> EXERCISE AIM:
Within the listing that follows, reproduce exactly the lines starting at the line with "此前比特币价格在今年11月创" and ending at the line with "2026/04/10の待ち時間グラフ (コロッコ)", inclusive, and only those. Pictures are dropped.

---------- RECORD SET

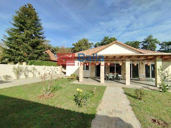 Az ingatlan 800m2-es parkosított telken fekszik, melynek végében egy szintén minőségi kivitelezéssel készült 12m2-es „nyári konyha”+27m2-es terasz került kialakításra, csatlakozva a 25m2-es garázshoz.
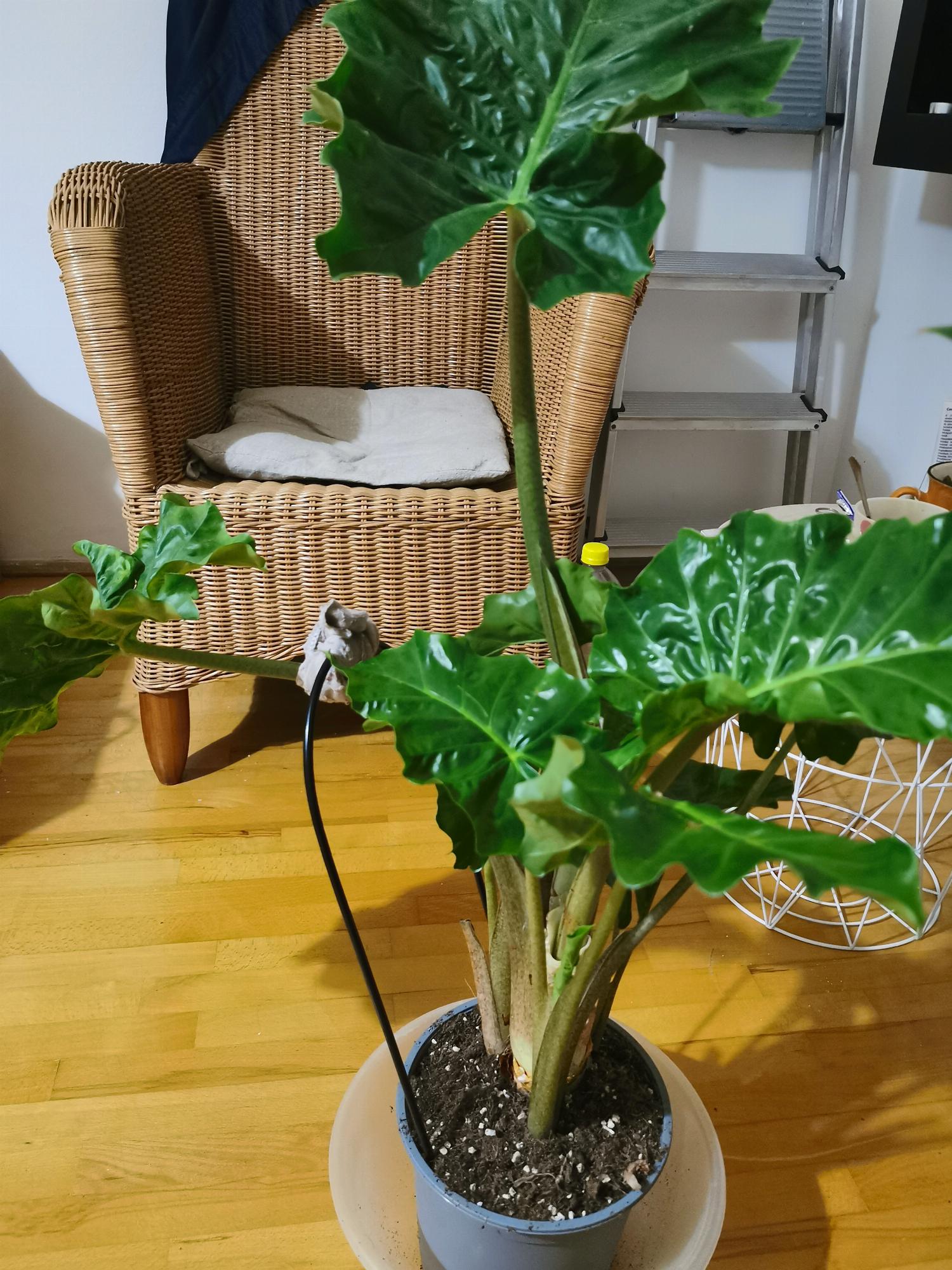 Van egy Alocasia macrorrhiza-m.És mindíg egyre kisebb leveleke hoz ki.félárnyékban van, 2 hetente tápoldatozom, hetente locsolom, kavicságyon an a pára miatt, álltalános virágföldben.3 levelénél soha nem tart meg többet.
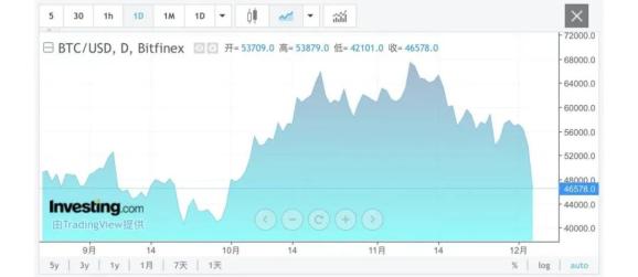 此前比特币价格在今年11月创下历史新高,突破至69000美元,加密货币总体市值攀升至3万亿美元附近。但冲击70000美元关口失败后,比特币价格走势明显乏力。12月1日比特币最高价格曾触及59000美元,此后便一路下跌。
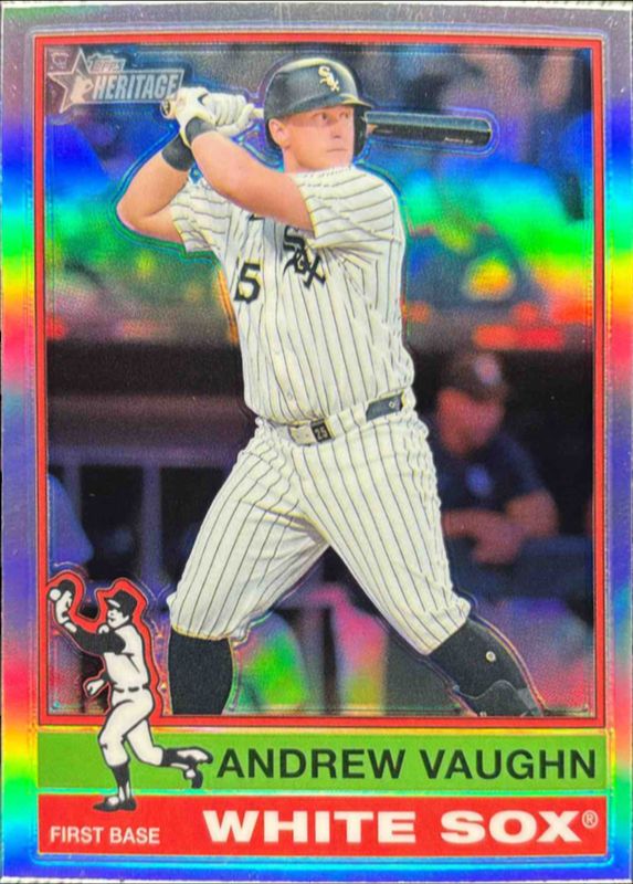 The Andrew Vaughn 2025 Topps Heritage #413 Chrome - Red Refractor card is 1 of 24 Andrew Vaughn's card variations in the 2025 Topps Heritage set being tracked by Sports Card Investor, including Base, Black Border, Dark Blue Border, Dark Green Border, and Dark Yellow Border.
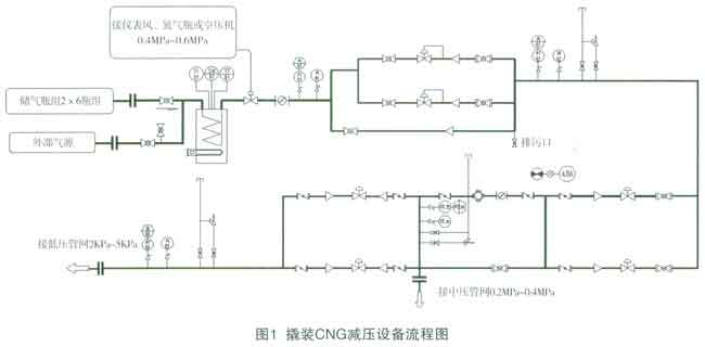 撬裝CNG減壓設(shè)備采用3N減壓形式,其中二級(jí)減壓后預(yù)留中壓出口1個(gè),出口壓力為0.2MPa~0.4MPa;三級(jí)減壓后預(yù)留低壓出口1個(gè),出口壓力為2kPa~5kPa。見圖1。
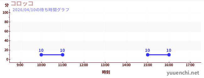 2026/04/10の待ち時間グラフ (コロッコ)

--------------------
---------- RECORD SET

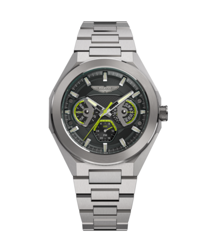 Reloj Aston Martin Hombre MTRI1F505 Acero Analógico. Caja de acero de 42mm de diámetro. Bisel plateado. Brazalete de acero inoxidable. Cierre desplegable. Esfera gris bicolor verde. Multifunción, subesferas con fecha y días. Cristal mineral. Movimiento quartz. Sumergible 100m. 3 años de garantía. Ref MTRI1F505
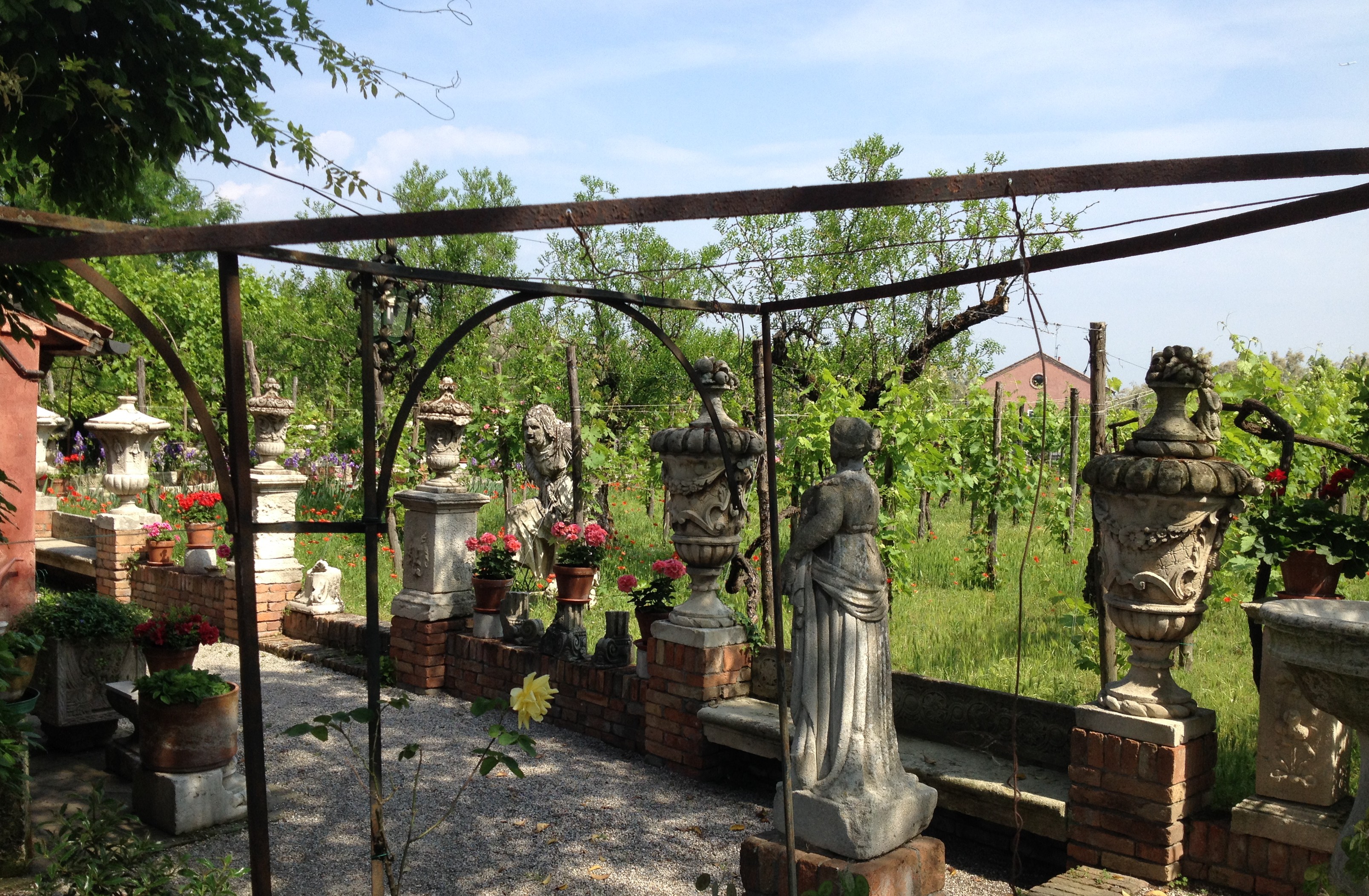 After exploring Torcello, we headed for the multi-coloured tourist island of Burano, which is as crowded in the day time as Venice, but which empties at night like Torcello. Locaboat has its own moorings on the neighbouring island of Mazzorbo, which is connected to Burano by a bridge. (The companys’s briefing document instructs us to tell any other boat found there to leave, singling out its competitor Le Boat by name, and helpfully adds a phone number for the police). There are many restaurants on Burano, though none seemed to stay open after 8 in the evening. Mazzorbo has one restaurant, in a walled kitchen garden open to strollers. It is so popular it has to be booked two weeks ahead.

--------------------

> SOLUTION BELOW:
 此前比特币价格在今年11月创下历史新高,突破至69000美元,加密货币总体市值攀升至3万亿美元附近。但冲击70000美元关口失败后,比特币价格走势明显乏力。12月1日比特币最高价格曾触及59000美元,此后便一路下跌。
 The Andrew Vaughn 2025 Topps Heritage #413 Chrome - Red Refractor card is 1 of 24 Andrew Vaughn's card variations in the 2025 Topps Heritage set being tracked by Sports Card Investor, including Base, Black Border, Dark Blue Border, Dark Green Border, and Dark Yellow Border.
 撬裝CNG減壓設(shè)備采用3N減壓形式,其中二級(jí)減壓后預(yù)留中壓出口1個(gè),出口壓力為0.2MPa~0.4MPa;三級(jí)減壓后預(yù)留低壓出口1個(gè),出口壓力為2kPa~5kPa。見圖1。
 2026/04/10の待ち時間グラフ (コロッコ)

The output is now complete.